Though once I lost my innocence I haven't dreamed, not one time that I can remember for atleast 10 years. I guess thats the price of being jaded.
Liod
Sep 1 2006, 04:32 PM
Oh, you still dream, even if you don't remember it. Every single night.
Alaras
Sep 2 2006, 12:57 PM
That's true, Clear, but I have observed some odd effects. I never remember my dreams, and on some nights, there are no dreams. Though I do sleep those nights, I'm still consciously aware, and trapped in several layers of contemplation, oftentimes reliving painful memories. I'm not sure if that's just a symptom of PTSD or a form of lucid dreaming, though I use the more typical lucid dreams to influence my reality or emotionally brace myself for future disappointments/turmoils.
NightVision
Sep 4 2006, 01:07 PM
If there is a sense of time having passed, then you have dreamed something even if you don't remember it. When you close your eyes at night and then immediately wake up in the morning with a sensation of just having blinked :that gets the shrinks worried.
Bright One
Sep 5 2006, 05:45 PM
There was a time when I came close, when I ventured onto the threshold of being aware that I was dreaming. In fact, the dreams are written down somewhere as I used to keep dream diaries. Sometimes I think I'm dreaming when I'm actually awake.
Silverwuulf
Sep 11 2006, 10:01 AM
I've done it with minor success. Alot of my dreams I am not aware of, and the ones that I do become lucid in, well, those are the ones with just that right mix of reality and fantasy that spark it off. I can't control much in the dreams, and the more I try to exert control over the dreamscape, the more unstable it becomes. I've turned wonderful dreams into nightmares because of this, so most of the time I try not to interfere.

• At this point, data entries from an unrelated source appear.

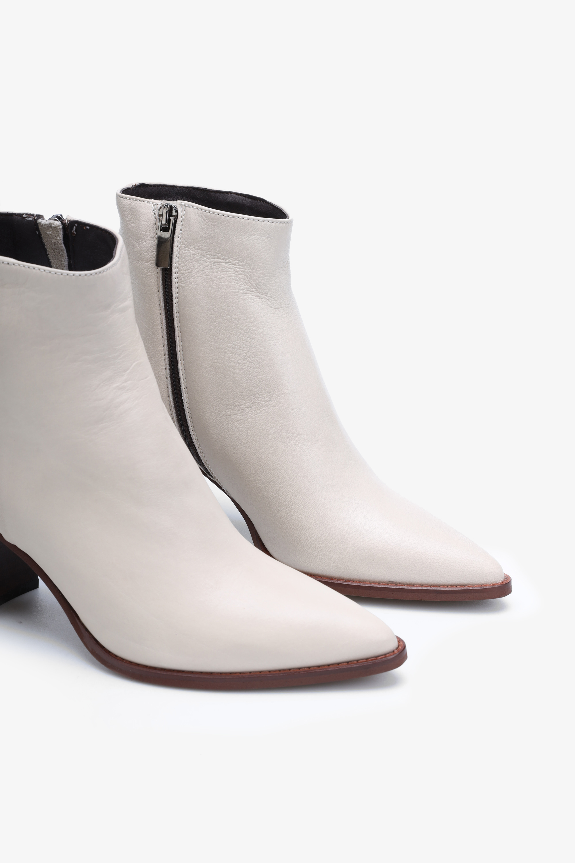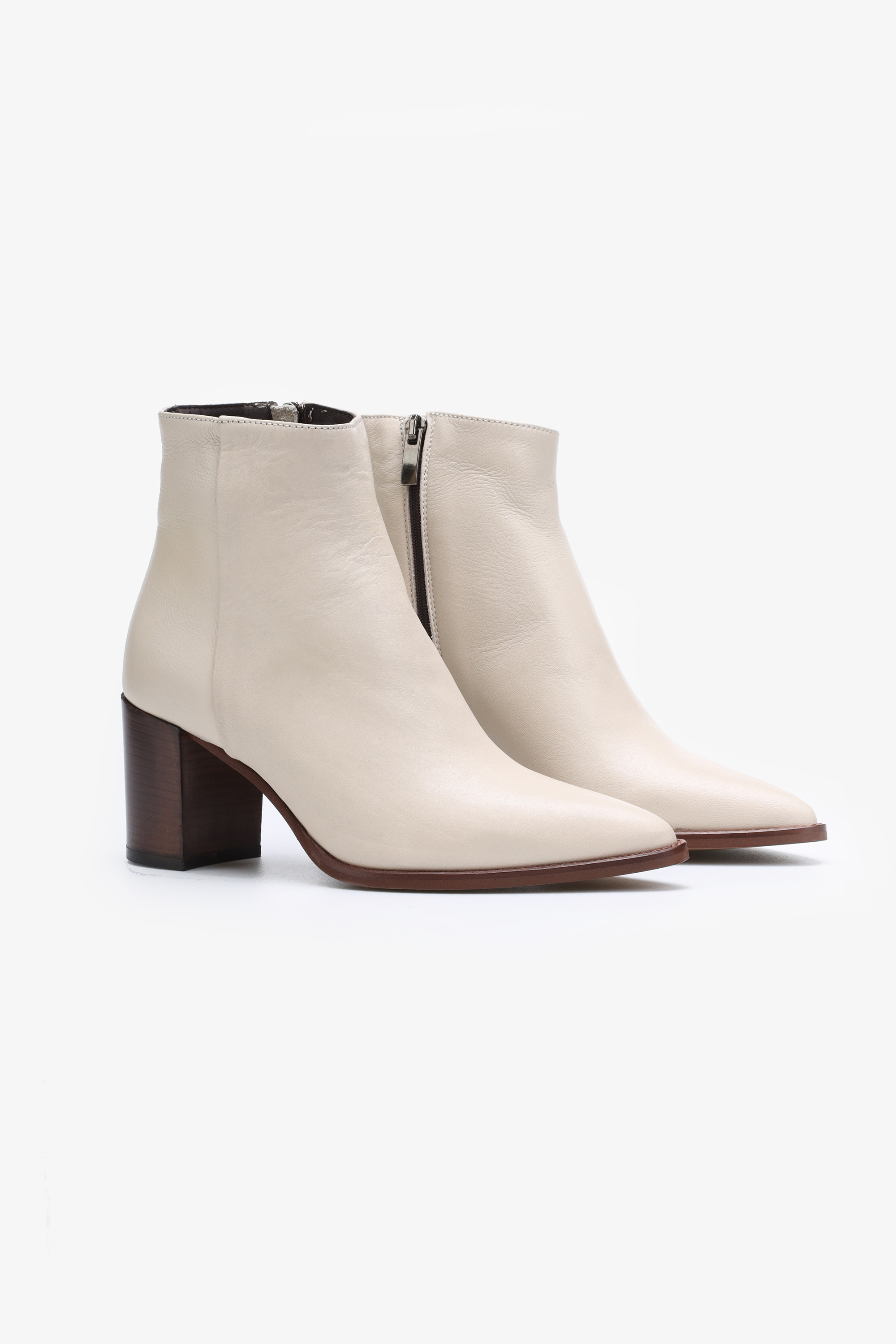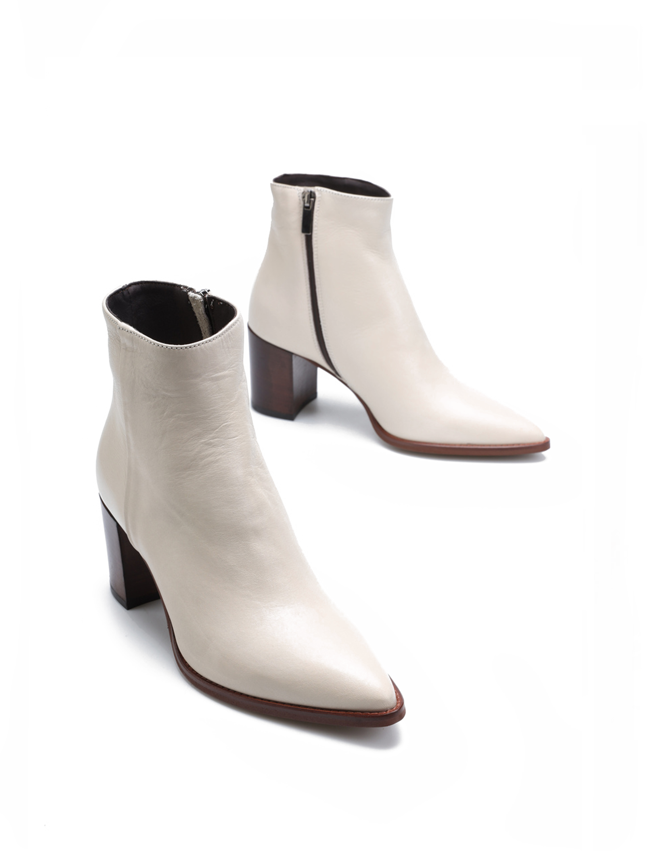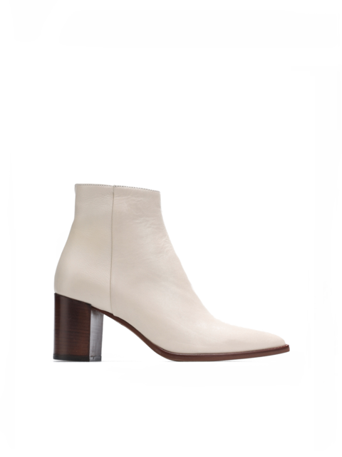 Wykonane są z włoskiej naturalnej skóry licowej. Kremowa cholewka za kostkę wyposażona została w zamek błyskawiczny ułatwiający zakładanie i zdejmowanie obuwia. Modny nosek w szpic i stabilny obcas na słupku idealnie wpisują się w Trendy sezonu. Kontrastowa podeszwa wystająca poza obrys buta przykuwa wzrok.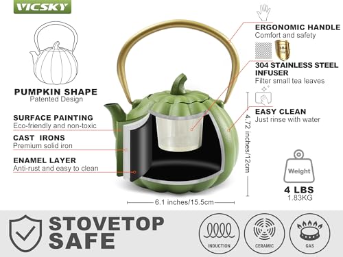 VICSKY Pumpkin Cast Iron Teapot (40 oz/1200 ml) Natural Pump...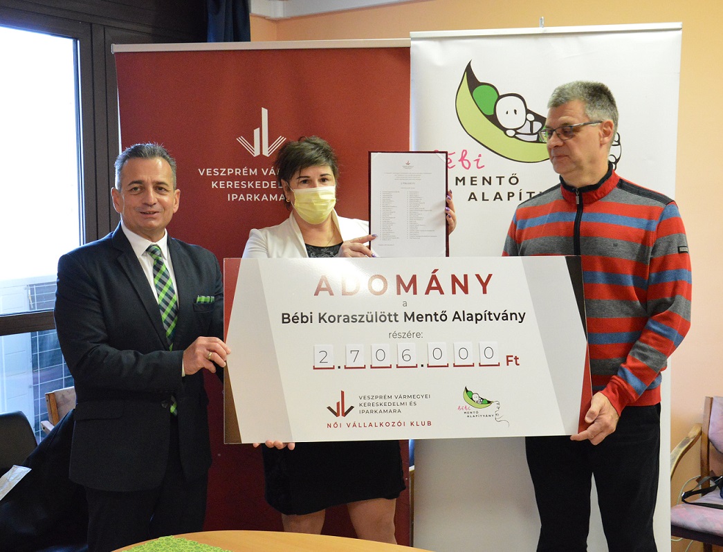 A Veszprém Vármegyei Kereskedelmi és Iparkamara Női Vállalkozói Klubjának kezdeményezésére, a Veszprém vármegyei vállalkozások idén 2,7 millió forinttal támogatták a Bébi Koraszülött Mentő Alapítványt.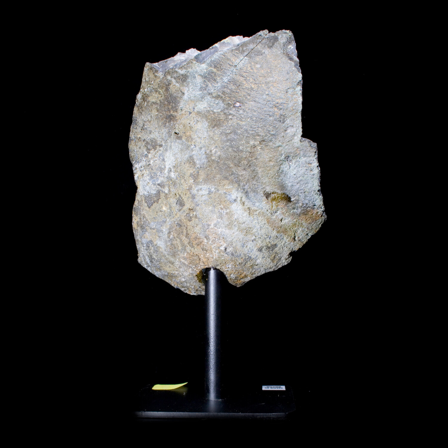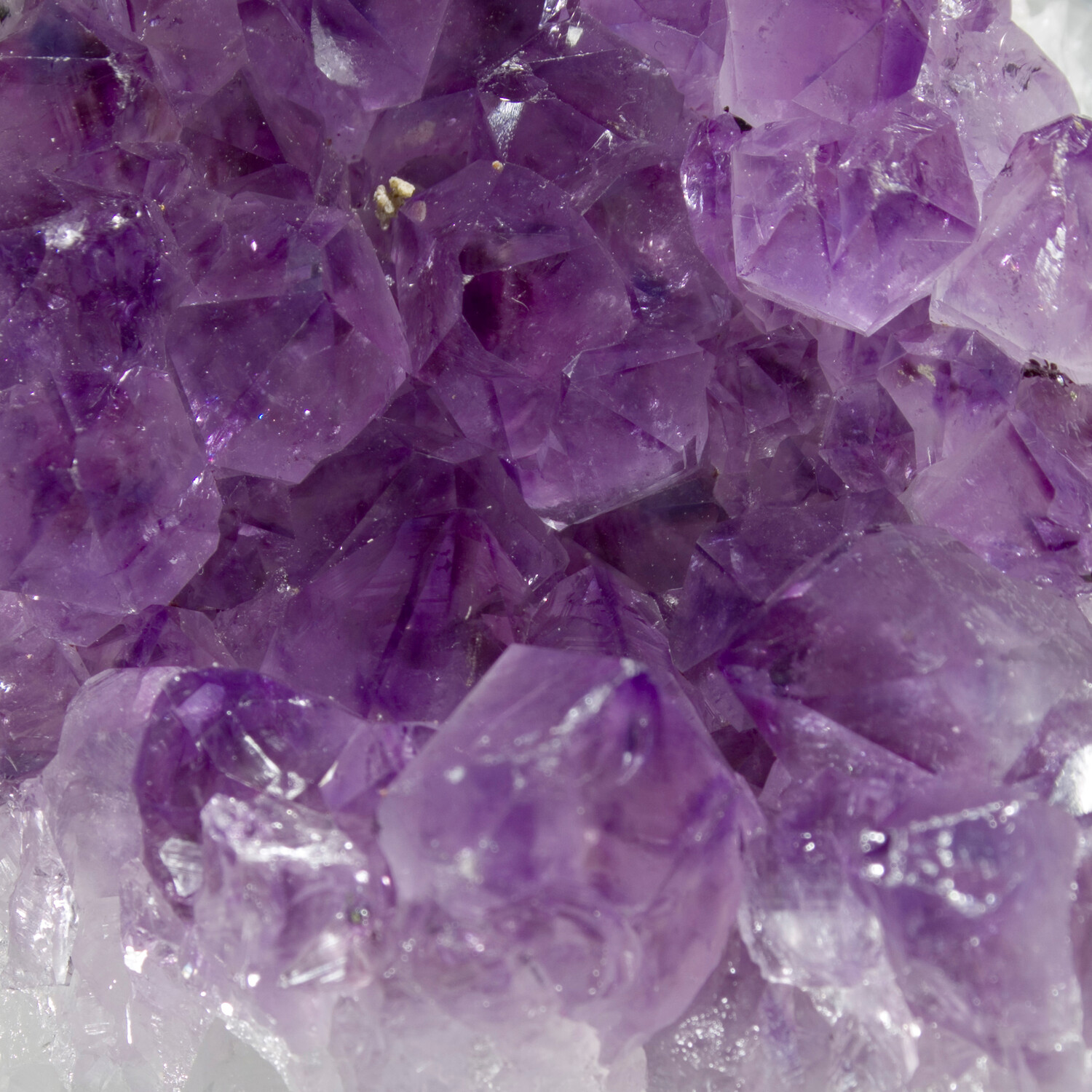 This interesting Amethyst agate specimen clearly grew over an existing layer of terminated Quartz crystals. It is mounted on a sturdy iron stand to present it at the optimal display angle.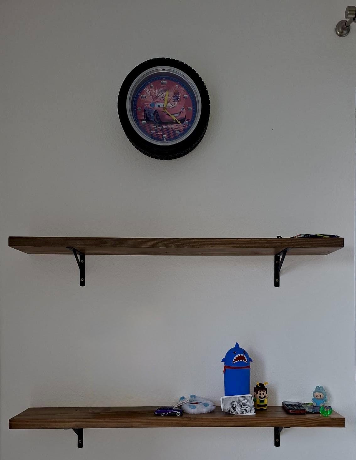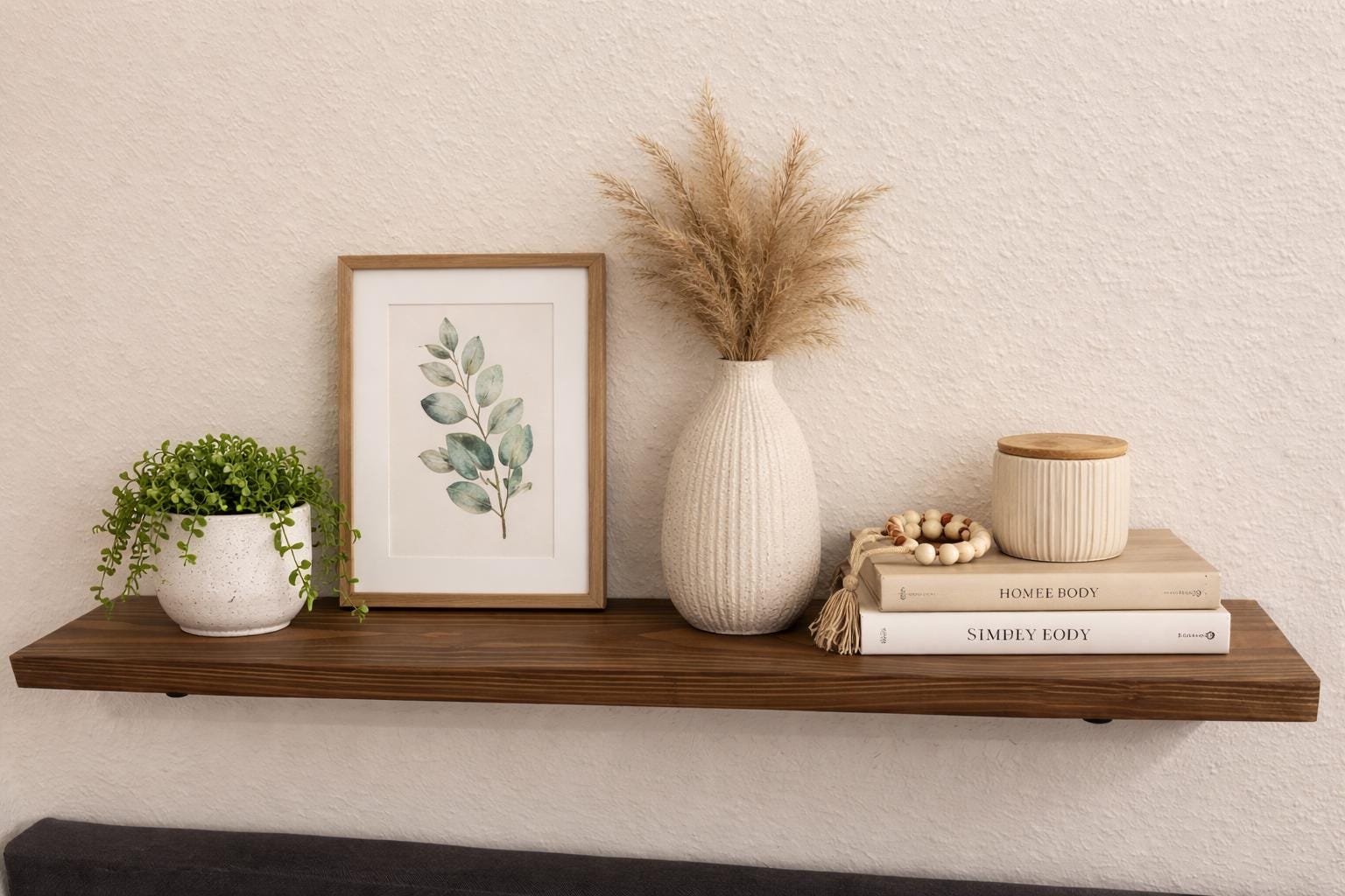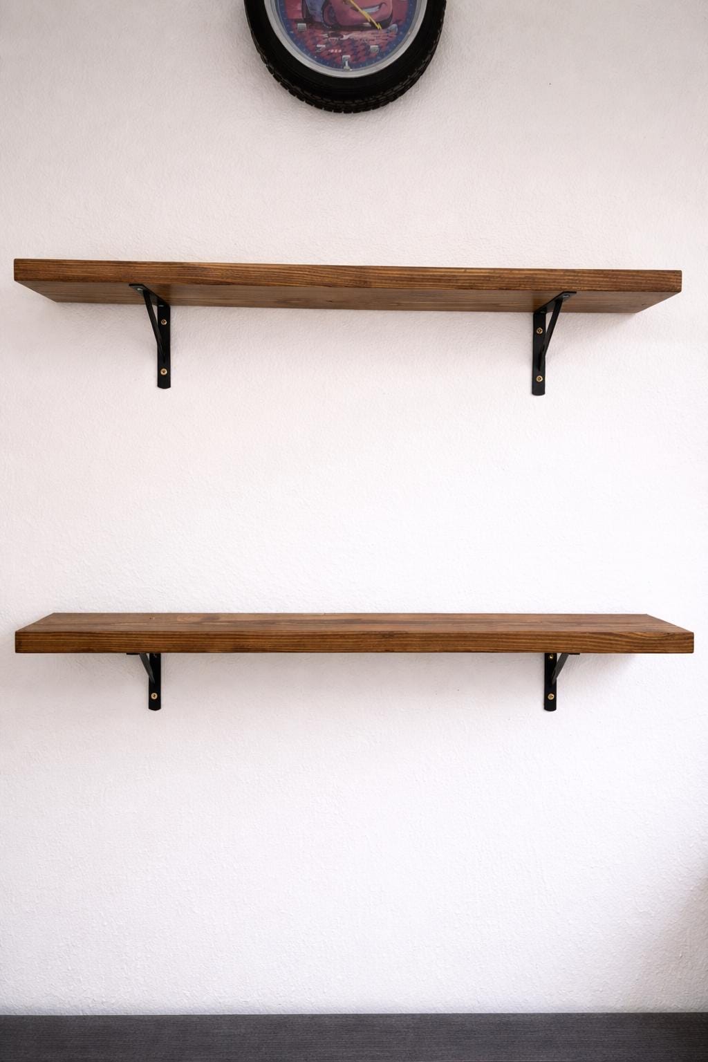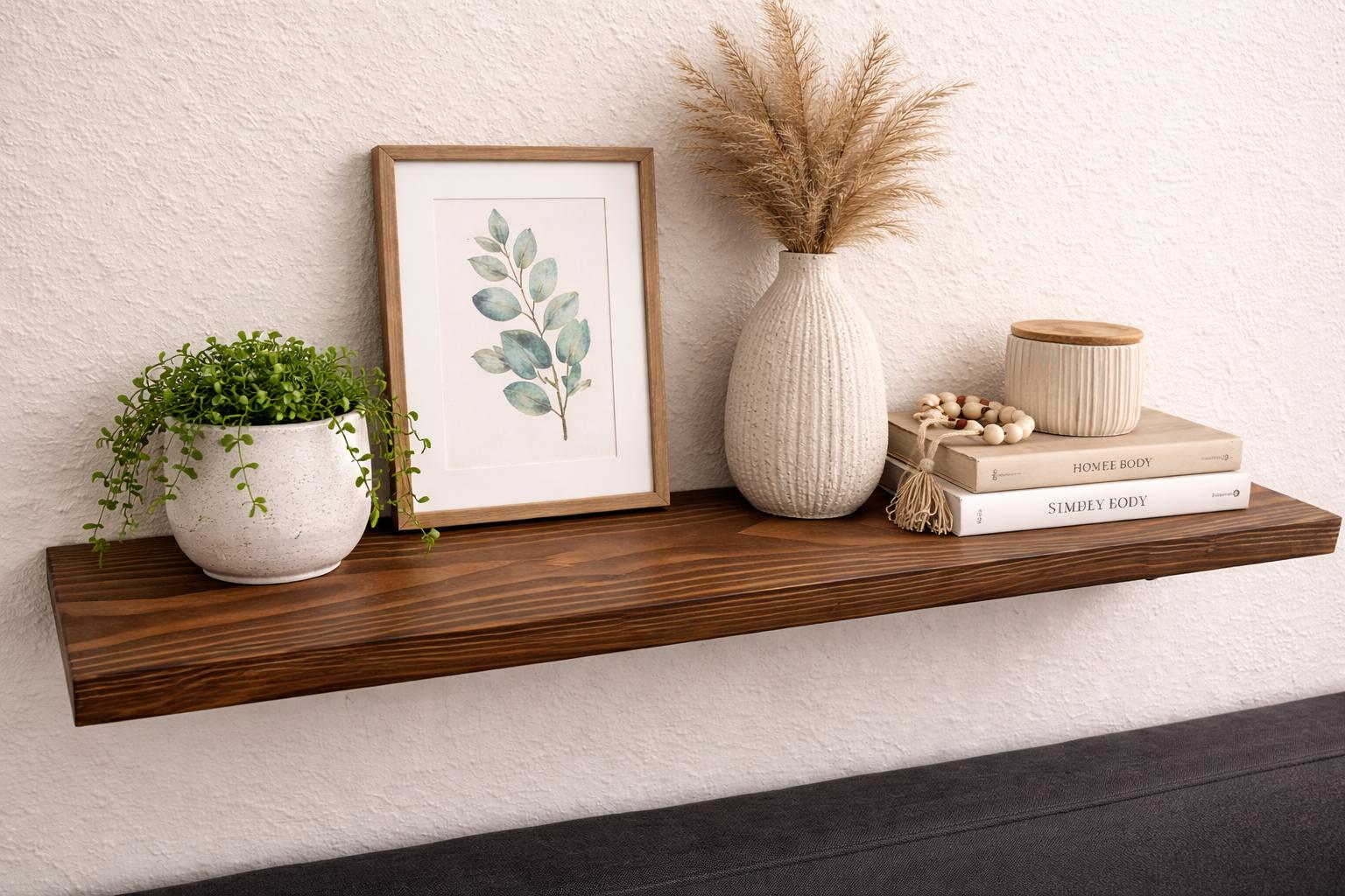 This stylish wall shelf made of solid wood combines natural warmth with modern industrial design. Perfect for books, plants, decorative items, or everyday objects – ideal for living rooms, offices, kitchens, or children's rooms.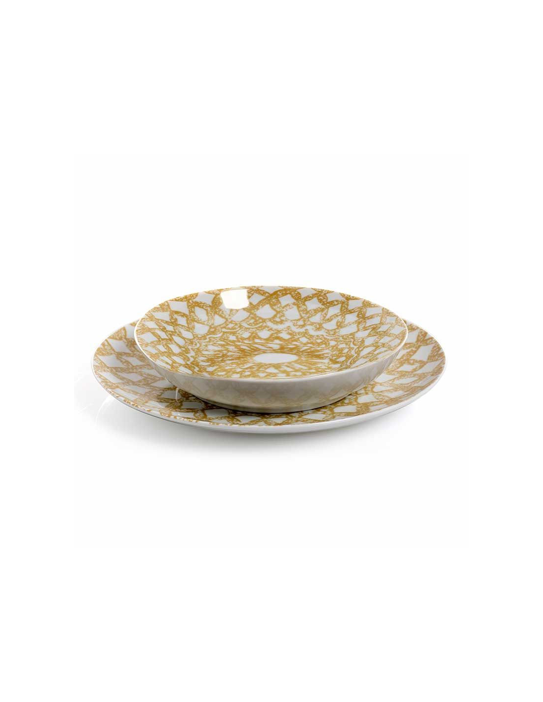 Servizio piatti per 6 persone, realizzato in porcellana con decori arabeschi e geometrici che si ispira a tradizioni mediterranee, perfetto per chi desidera apparecchiare una tavola con gusto e originalità.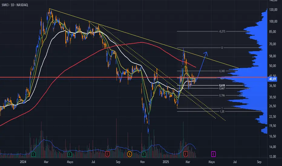 después del retroceso del último impulso alcista que rompión la TL bajista de corto plazo que traía y luego rebotar en el 61.8 fibo, el precio se encuentra en una compresión entre las EMAs de 10, 21 y 55 y aguantando sobre el área de soporte por volumen de precio.Tendría que ir a buscar la TL bajista de mediano plazo que anteriormente ofició como resistencia.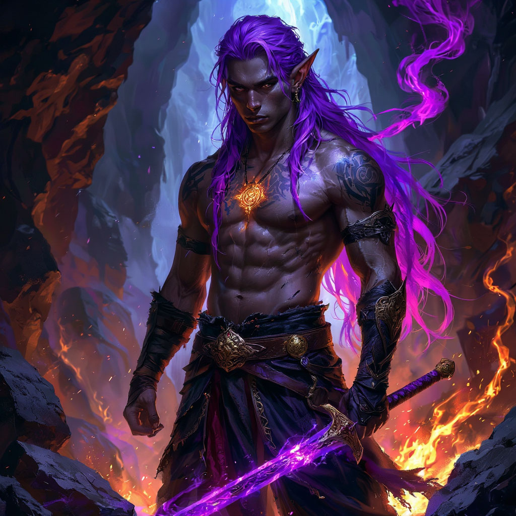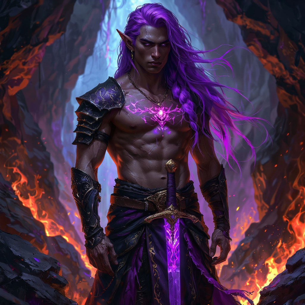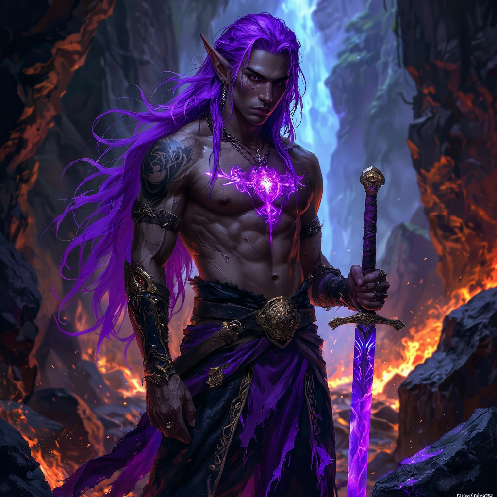 Темный эльфийский воин преграждает дорогу. Он словно страж, который не пропускает путников дальше. Он вооружен, как положено стражу. Его меч особенный. Фиолетовое свечение окутывает меч, словно он впитал частичку души своего владельца. Позади воина высокие скалистые утесы, освещенные огненным сиянием. Но что там дальше?

On the subject of escaping nightmares: Its an old wives tale but it does work. If ever I became lucid in a dream and wanted it to end, I would just go to sleep. The paradox forces you to lose consciousness and the dream floats back down to your subconscious. Most of the time. Ocasionally I would jerk awake because of it. And I do mean jerk awake- kinda like my spirit got slammed back into the body.
Alaras
Sep 11 2006, 11:24 PM
That's a good trick, but I usually just try to take advantage of my condition when in a lucid dream. It's a very convenient way to focus and direct mental energies to influence the world around you, since the mind is most powerful when at rest.
Silverwuulf
Sep 12 2006, 08:47 AM
have fun when you become lucid during a nightmare. Sometimes there's no amount of altering you can do to turn a nightmare into a pleasant dream. And personally, I've had enough scary shit happen in my life that if I can avoid my subconcious scaring the hell out of me, I will.
Alaras
Sep 12 2006, 04:27 PM
If I become lucid in a nightmare, I simply let the dream end. I tend to gain a great deal of control over my lucid dreaming, though not over the content of said dreams.